At 16 years old, Frey found herself at a songwriter’s festival in Florida, crying over her shrimp pasta as she listened to the stories of songwriter Lisa Carver. And it was at that moment she decided to become a songwriter.
Around
the same time Frey became one of Shania Twain’s protégés on the inaugural
season of USA Network’s
Real Country in 2018, Frey went in
to a write with Leslie Satcher, eager to share her ‘spur of the moment’ idea.
“She understood my upbringing and how I grew up, because she had rodeo roots too,” Frey says of the Texas native.
But god almighty, the last thing Frey wanted was to write another ballad.
“I had so many ballads in my catalog,” she remembers of writing with Satcher, who has written singles for everyone from George Strait to Gretchen Wilson. “I told her that I could not physically write another slow song. I needed something that moved and felt good. I knew she had written ‘When God-Fearin’ Women Get the Blues’ for Martina McBride, so I basically I told her that I wanted a song that felt like that.”
And Bratcher said something to the affect of ‘no problem.”
The song was finished in a matter of 45 minutes.
“It was one of those that literally fell out of the sky,” Frey remembers.
These days, its that sky that Frey finds herself looking up to more and more as she wonders where things stand within a future that has never held more uncertainty. Indeed, the beginning of the year had Frey perfecting her live show with a band that she had established a year and a half before. She had some residencies set up and was getting into a groove when the world shut down due to the pandemic.
“It really blows,” she laughs. “But there is always a bright side. This whole pandemic has given me the chance to sit still and be bored in Nashville again. There is something special about being bored in Nashville. Good things always seem to come out of times like that.”

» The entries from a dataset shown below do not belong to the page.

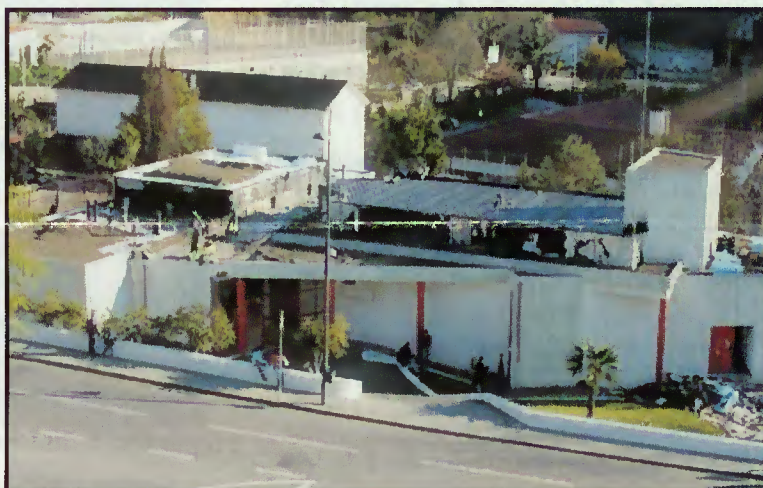
Instalações do Centro Cultural

várias actividades, estando previsto ainda a construção de uma sala com formato de auditório.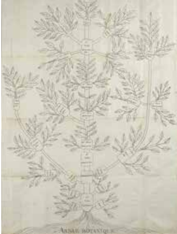
Abb. 1: Augustin Augier: Arbre botanique , 1801, Kupferstich

einer der wichtigsten Erkenntnisse der neuzeitlichen Wissenschaften, unter dem Einfluss einer Reihe erkenntnisträchtiger Modelle. Die wichtigste Rolle spielt hierbei aufgrund seiner langen Geschichte als genealogisches Familienmodell der Baum, und zwar bemerkenswerterweise vor, während und nach der Formulierung der Evolutionstheorie (Abb. 1). Ein zentrales Element dieses Modells ist die Verzweigung und der Umstand, dass – von seltenen Ausnahmen abgesehen – ein Ast eines Baumes nicht wieder mit dem Stamm und ein Zweig nicht wieder mit einem Ast zusammenwächst. Fasst man einen konkreten Baum als Modell der Entstehung der Arten auf, dann wird seine vegetabile Verzweigungslogik theoriebildend – ein materielles Objekt formt also einen Gedanken. Dies wird durch die Modellauffassung möglich, genauer gesagt dadurch, dass ein Gegenstand als Modell von etwas und für etwas anderes aufgefasst wird. Dieses Als-ob ermöglicht fiktive Rochaden, durch die das Materielle, Visuelle und Taktile zu Gedanken, Ideen und Erkenntnissen und zugleich das Ästhetische zum Spekulativen werden kann. 8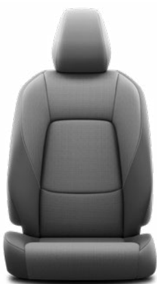
FA20 Černé látkové čalounění Pro výbavu Comfort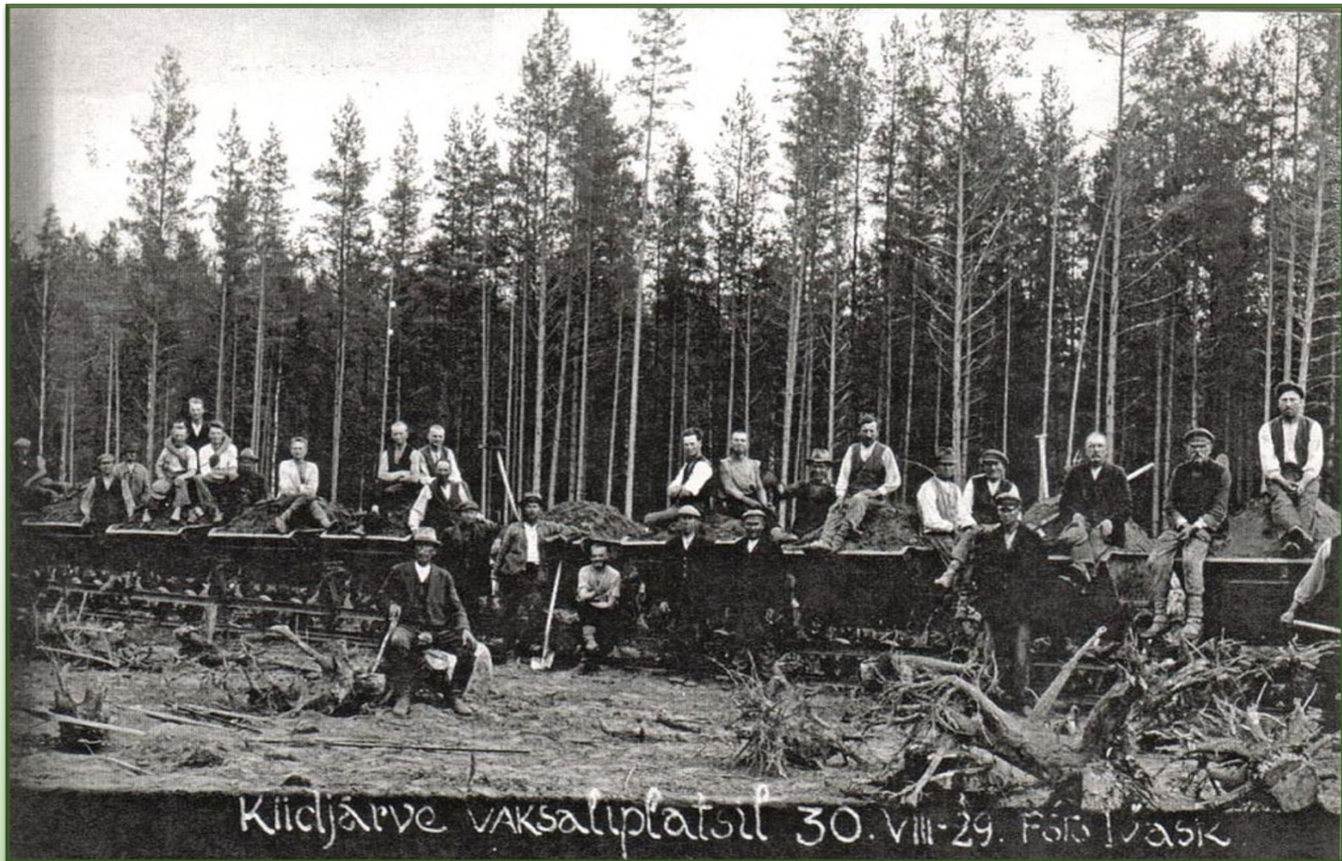
Tartu Petseri raudtee ehitus Kiidjärve lõigul.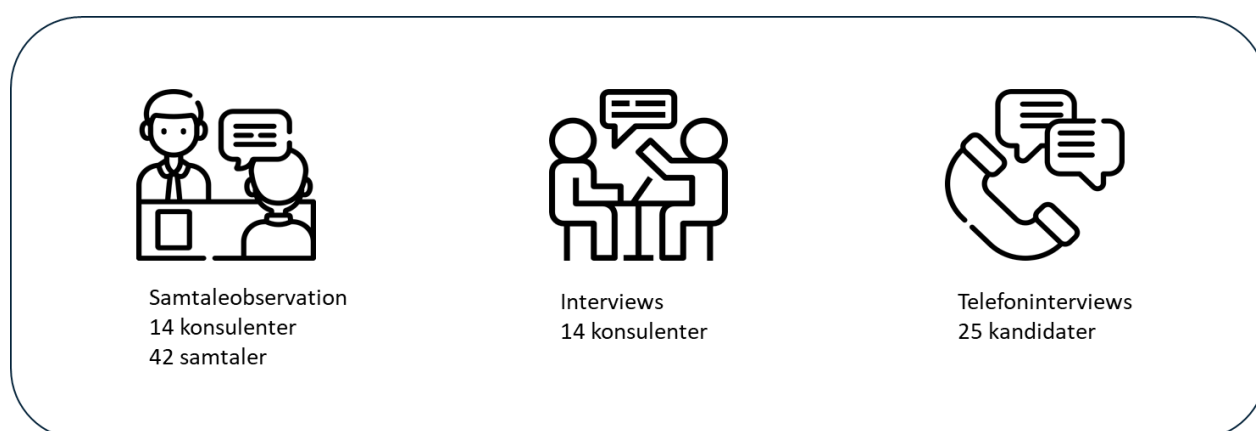
FIGUR 1.1.: METODER I UNDERSØGELSEN

Undersøgelsen af samtalerne bygger på et kvalitativt undersøgelsesdesign, der primært består af samtaleobservation, interviews med konsulenter og telefoninterviews med kandidater. Derudover vil vi løbende trække på tidligere desk research.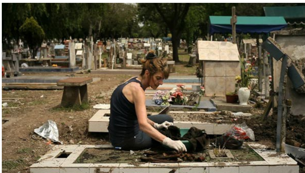
La memoria de los huesos, un documentaire de Facundo Beraudi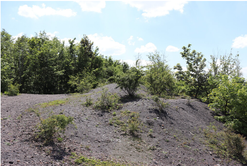
Auf der Bergehalde der Gewerkschaft Carolus Magnus (2021)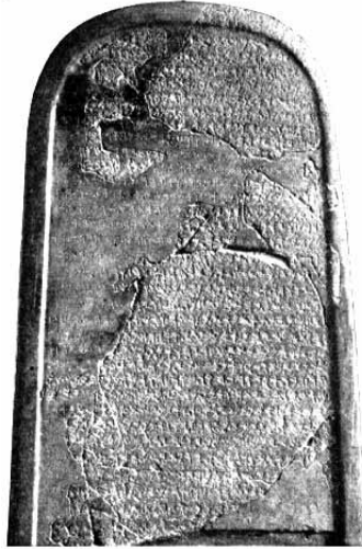
Lapida De Mesa

En 1868 se descubrió una lápida en la ciudad bíblica de Dibon, sobre la cual habían escrito las victorias sobre los israelitas del rey Mesa de Moab.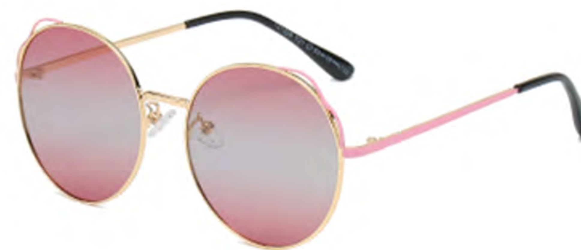
NO.5 T21 金烤粉渐变粉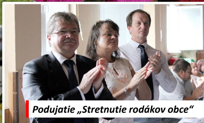
Podujatie „Stretnutie rodákov obce“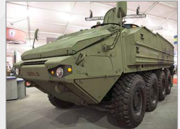
제너럴다이내믹스사 ACV 시제차량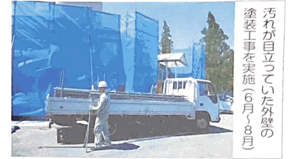
汚れが目立っていた外壁の塗装工事を実施(6月~8月)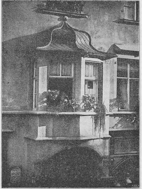
Abb. 2. Erker vom Hause Kramergasse Nr. 15.

(Nach «Blätter für Architektur und Kunsthandwerk».)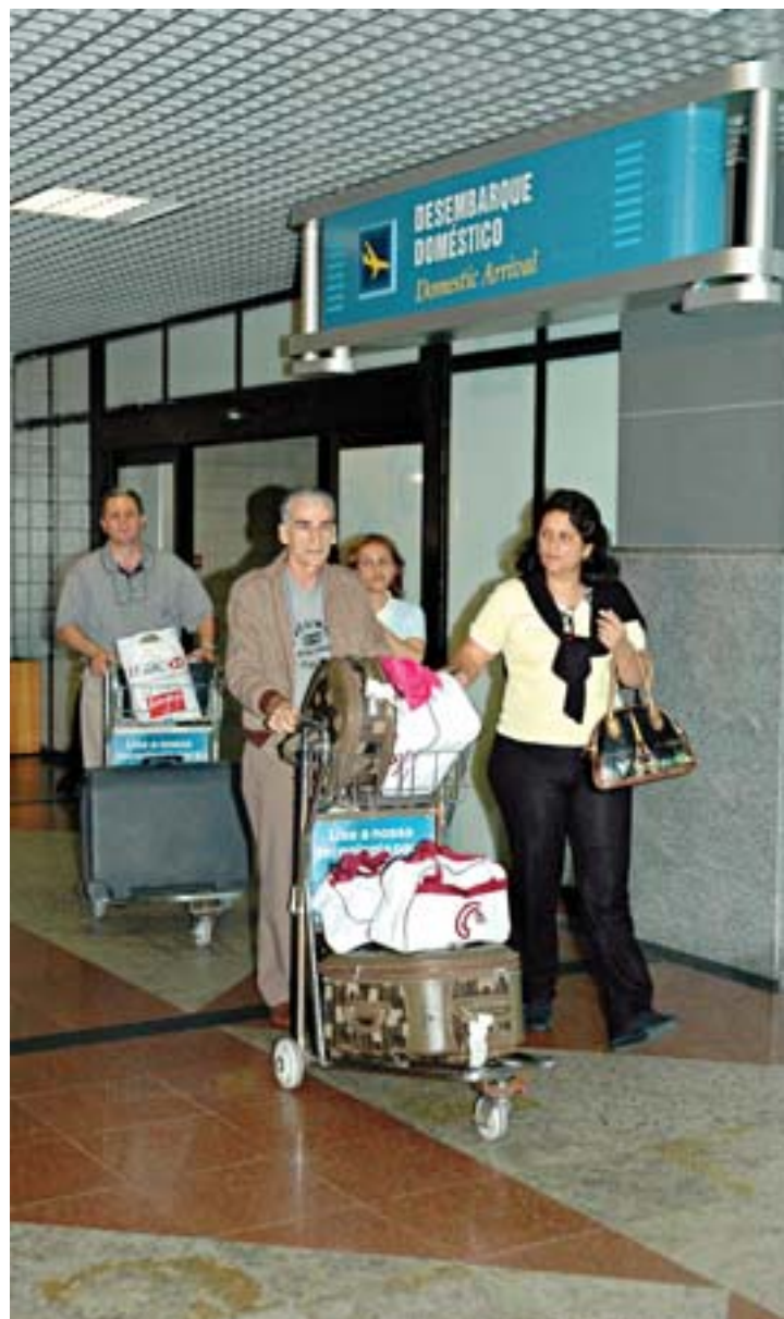
Aeroporto de Salvador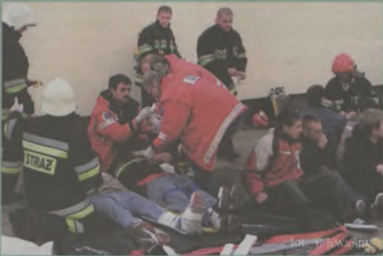
Ćwiczenia aplikacyjno-praktyczne w Zespole Szkolno-Gimnazjalnym w Brudzewie

Wydział Spraw Obywatelskich i Ochrony Ludności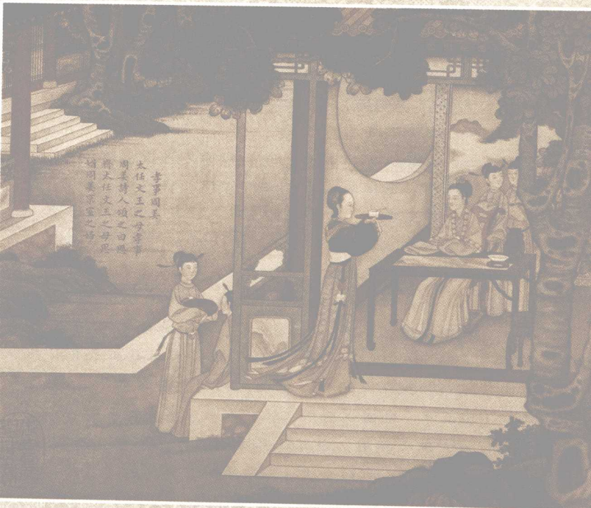
历朝贤后故事图之孝事周姜 清·焦秉贞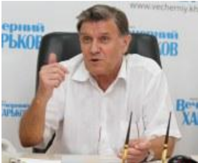
Гість «Прямої телефонної лінії». Газета «Вечірній Харків», 2010 р.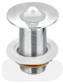
VL1603 Válvula para lavatório sem ladrão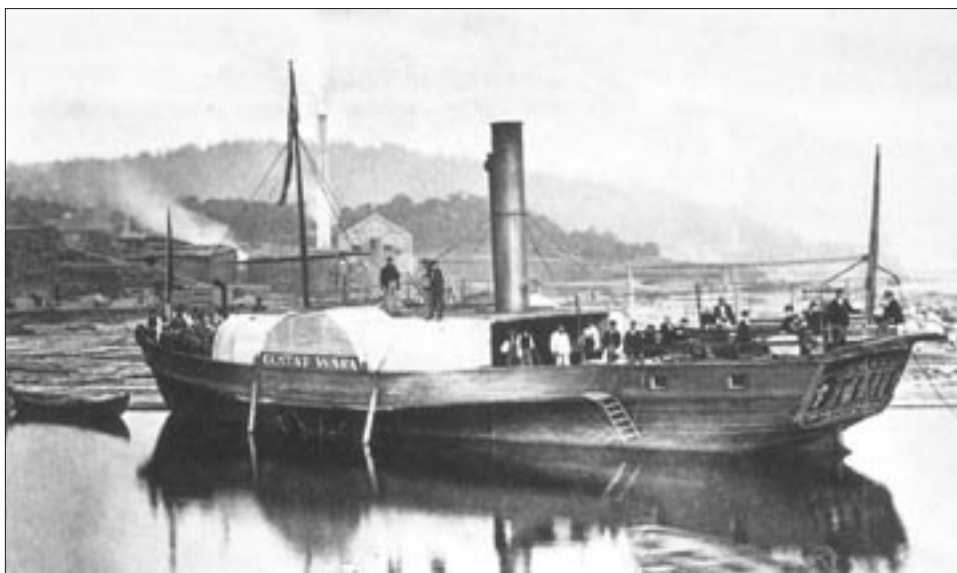
Ångbåten Gustaf Wasa. Redan på 1820-talet hade ångbåtar börjat trafikera Mälaren. De var byggda i trä och drevs framåt med hjälp av två skovelhjul, ett på vardera sida av båten.

For example, the 25-year-old has finally learned to cook. She’s grown more intentional about her guitar playing. She has broadened her songwriting vocabulary. And most importantly, she is now ready to release her much anticipated EP this September.
“I have been able to sit still and be intentional about this EP and I’m feeling solid about the six songs on there,” she concludes. “They are all a part of me and crucial in presenting Kylie to the world.”